- **EXERCISE PROMPT**
Each entry is to be repeated word for word, and the images are to be dropped.

Data entries
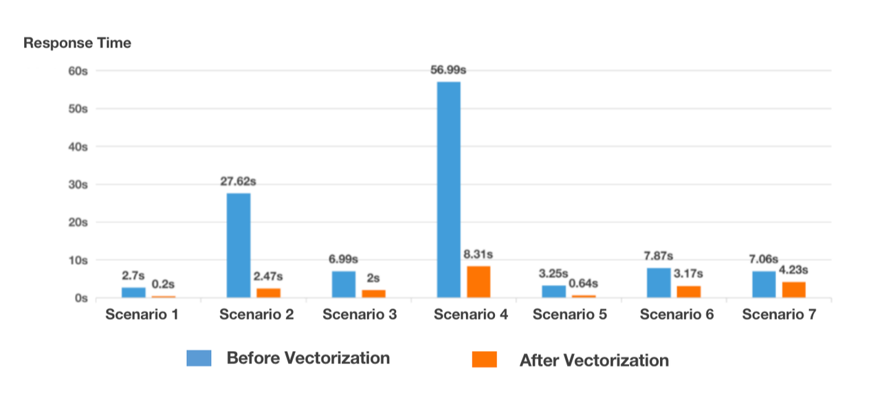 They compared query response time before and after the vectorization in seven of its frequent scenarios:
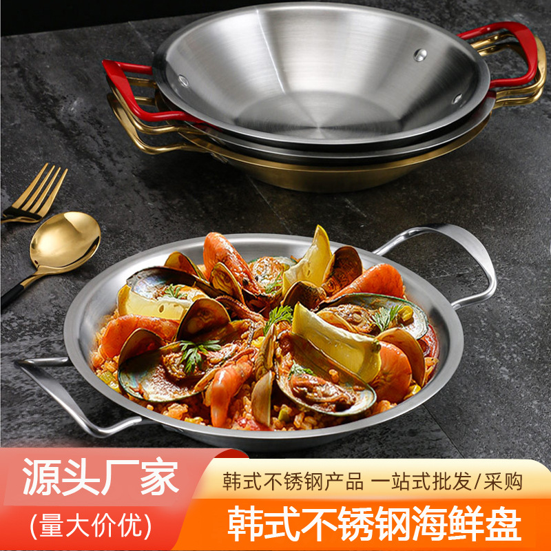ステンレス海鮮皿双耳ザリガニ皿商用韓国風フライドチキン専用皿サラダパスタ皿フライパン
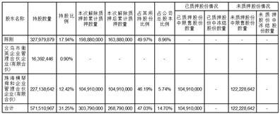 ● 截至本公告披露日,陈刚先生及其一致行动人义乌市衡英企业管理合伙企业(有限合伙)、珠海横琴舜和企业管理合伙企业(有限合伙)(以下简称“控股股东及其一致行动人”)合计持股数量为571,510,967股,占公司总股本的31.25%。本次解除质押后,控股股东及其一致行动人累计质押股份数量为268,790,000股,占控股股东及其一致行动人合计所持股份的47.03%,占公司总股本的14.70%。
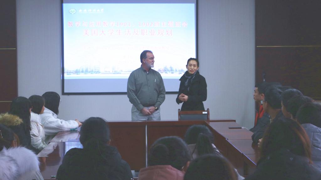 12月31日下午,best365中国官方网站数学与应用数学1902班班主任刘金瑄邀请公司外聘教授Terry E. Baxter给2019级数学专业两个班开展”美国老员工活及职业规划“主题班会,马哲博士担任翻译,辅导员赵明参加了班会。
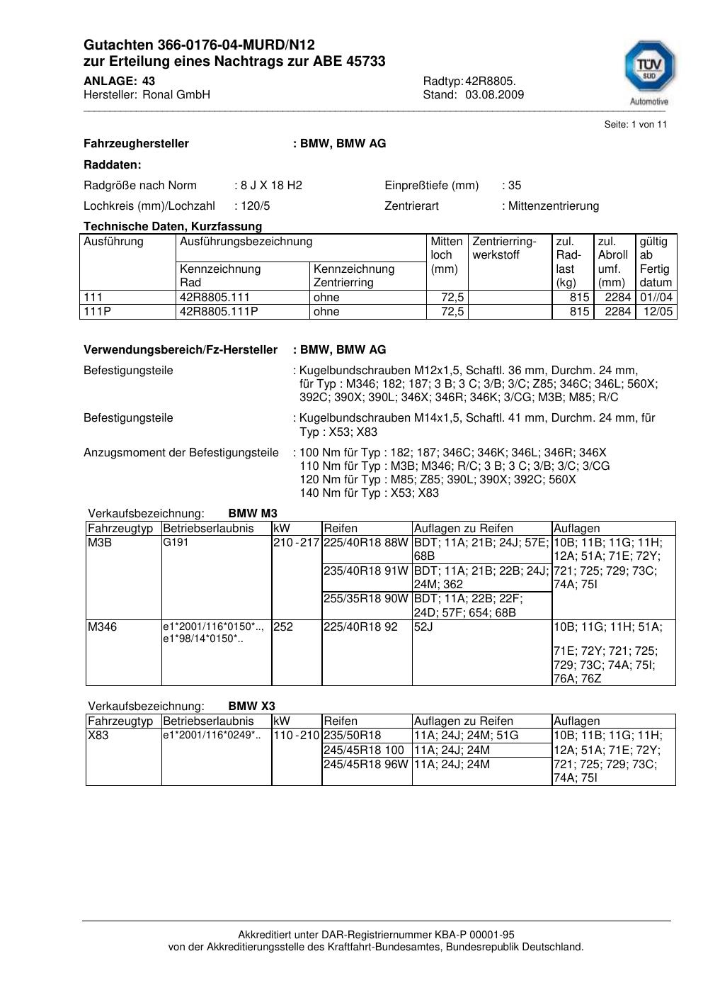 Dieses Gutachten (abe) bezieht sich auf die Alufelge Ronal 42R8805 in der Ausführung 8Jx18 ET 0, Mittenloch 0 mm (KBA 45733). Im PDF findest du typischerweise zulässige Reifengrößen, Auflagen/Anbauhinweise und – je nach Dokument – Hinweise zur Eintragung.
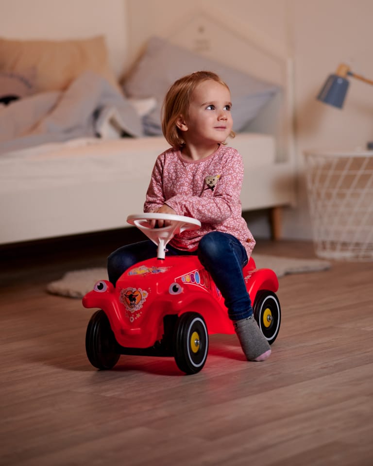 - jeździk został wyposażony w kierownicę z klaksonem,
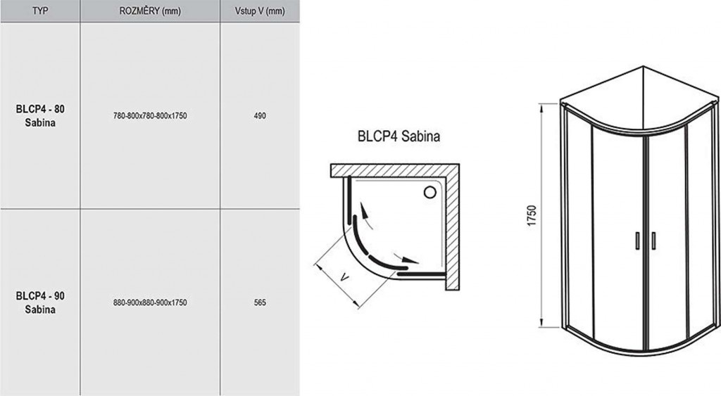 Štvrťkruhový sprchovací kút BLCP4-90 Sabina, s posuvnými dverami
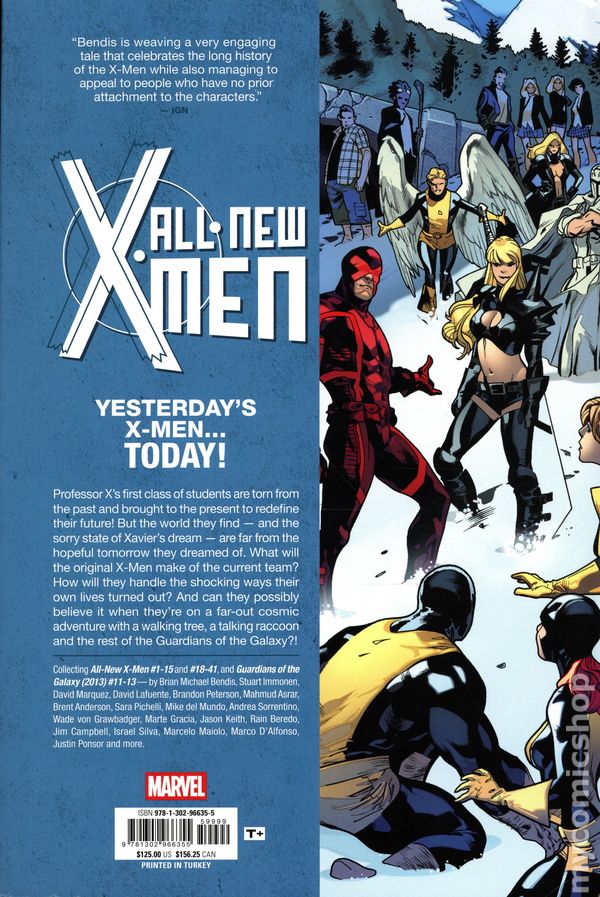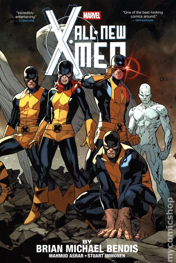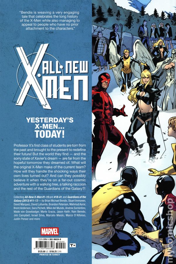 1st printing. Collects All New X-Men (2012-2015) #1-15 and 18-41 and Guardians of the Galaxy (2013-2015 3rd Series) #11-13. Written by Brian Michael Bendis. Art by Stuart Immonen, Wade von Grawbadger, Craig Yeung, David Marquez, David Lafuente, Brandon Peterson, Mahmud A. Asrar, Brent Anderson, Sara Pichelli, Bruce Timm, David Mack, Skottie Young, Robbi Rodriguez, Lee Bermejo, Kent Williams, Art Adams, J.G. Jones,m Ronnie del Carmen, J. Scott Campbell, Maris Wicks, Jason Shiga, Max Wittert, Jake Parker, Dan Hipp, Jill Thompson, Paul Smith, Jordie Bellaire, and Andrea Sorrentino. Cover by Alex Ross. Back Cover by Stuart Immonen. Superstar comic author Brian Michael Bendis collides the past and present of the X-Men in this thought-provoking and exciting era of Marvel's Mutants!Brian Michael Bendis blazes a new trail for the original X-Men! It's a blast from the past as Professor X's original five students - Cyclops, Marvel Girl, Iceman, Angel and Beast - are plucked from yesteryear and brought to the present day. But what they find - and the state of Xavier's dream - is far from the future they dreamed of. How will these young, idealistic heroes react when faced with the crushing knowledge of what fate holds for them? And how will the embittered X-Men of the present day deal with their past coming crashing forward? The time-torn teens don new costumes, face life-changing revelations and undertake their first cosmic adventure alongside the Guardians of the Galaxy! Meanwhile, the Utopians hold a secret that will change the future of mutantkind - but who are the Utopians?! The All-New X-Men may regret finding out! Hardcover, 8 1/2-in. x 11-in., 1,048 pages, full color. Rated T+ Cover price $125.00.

- **SOLUTION TO THIS EXERCISE**
 They compared query response time before and after the vectorization in seven of its frequent scenarios:
ステンレス海鮮皿双耳ザリガニ皿商用韓国風フライドチキン専用皿サラダパスタ皿フライパン
 ● 截至本公告披露日,陈刚先生及其一致行动人义乌市衡英企业管理合伙企业(有限合伙)、珠海横琴舜和企业管理合伙企业(有限合伙)(以下简称“控股股东及其一致行动人”)合计持股数量为571,510,967股,占公司总股本的31.25%。本次解除质押后,控股股东及其一致行动人累计质押股份数量为268,790,000股,占控股股东及其一致行动人合计所持股份的47.03%,占公司总股本的14.70%。
 12月31日下午,best365中国官方网站数学与应用数学1902班班主任刘金瑄邀请公司外聘教授Terry E. Baxter给2019级数学专业两个班开展”美国老员工活及职业规划“主题班会,马哲博士担任翻译,辅导员赵明参加了班会。
 Dieses Gutachten (abe) bezieht sich auf die Alufelge Ronal 42R8805 in der Ausführung 8Jx18 ET 0, Mittenloch 0 mm (KBA 45733). Im PDF findest du typischerweise zulässige Reifengrößen, Auflagen/Anbauhinweise und – je nach Dokument – Hinweise zur Eintragung.
 - jeździk został wyposażony w kierownicę z klaksonem,
 Štvrťkruhový sprchovací kút BLCP4-90 Sabina, s posuvnými dverami
 1st printing. Collects All New X-Men (2012-2015) #1-15 and 18-41 and Guardians of the Galaxy (2013-2015 3rd Series) #11-13. Written by Brian Michael Bendis. Art by Stuart Immonen, Wade von Grawbadger, Craig Yeung, David Marquez, David Lafuente, Brandon Peterson, Mahmud A. Asrar, Brent Anderson, Sara Pichelli, Bruce Timm, David Mack, Skottie Young, Robbi Rodriguez, Lee Bermejo, Kent Williams, Art Adams, J.G. Jones,m Ronnie del Carmen, J. Scott Campbell, Maris Wicks, Jason Shiga, Max Wittert, Jake Parker, Dan Hipp, Jill Thompson, Paul Smith, Jordie Bellaire, and Andrea Sorrentino. Cover by Alex Ross. Back Cover by Stuart Immonen. Superstar comic author Brian Michael Bendis collides the past and present of the X-Men in this thought-provoking and exciting era of Marvel's Mutants!Brian Michael Bendis blazes a new trail for the original X-Men! It's a blast from the past as Professor X's original five students - Cyclops, Marvel Girl, Iceman, Angel and Beast - are plucked from yesteryear and brought to the present day. But what they find - and the state of Xavier's dream - is far from the future they dreamed of. How will these young, idealistic heroes react when faced with the crushing knowledge of what fate holds for them? And how will the embittered X-Men of the present day deal with their past coming crashing forward? The time-torn teens don new costumes, face life-changing revelations and undertake their first cosmic adventure alongside the Guardians of the Galaxy! Meanwhile, the Utopians hold a secret that will change the future of mutantkind - but who are the Utopians?! The All-New X-Men may regret finding out! Hardcover, 8 1/2-in. x 11-in., 1,048 pages, full color. Rated T+ Cover price $125.00.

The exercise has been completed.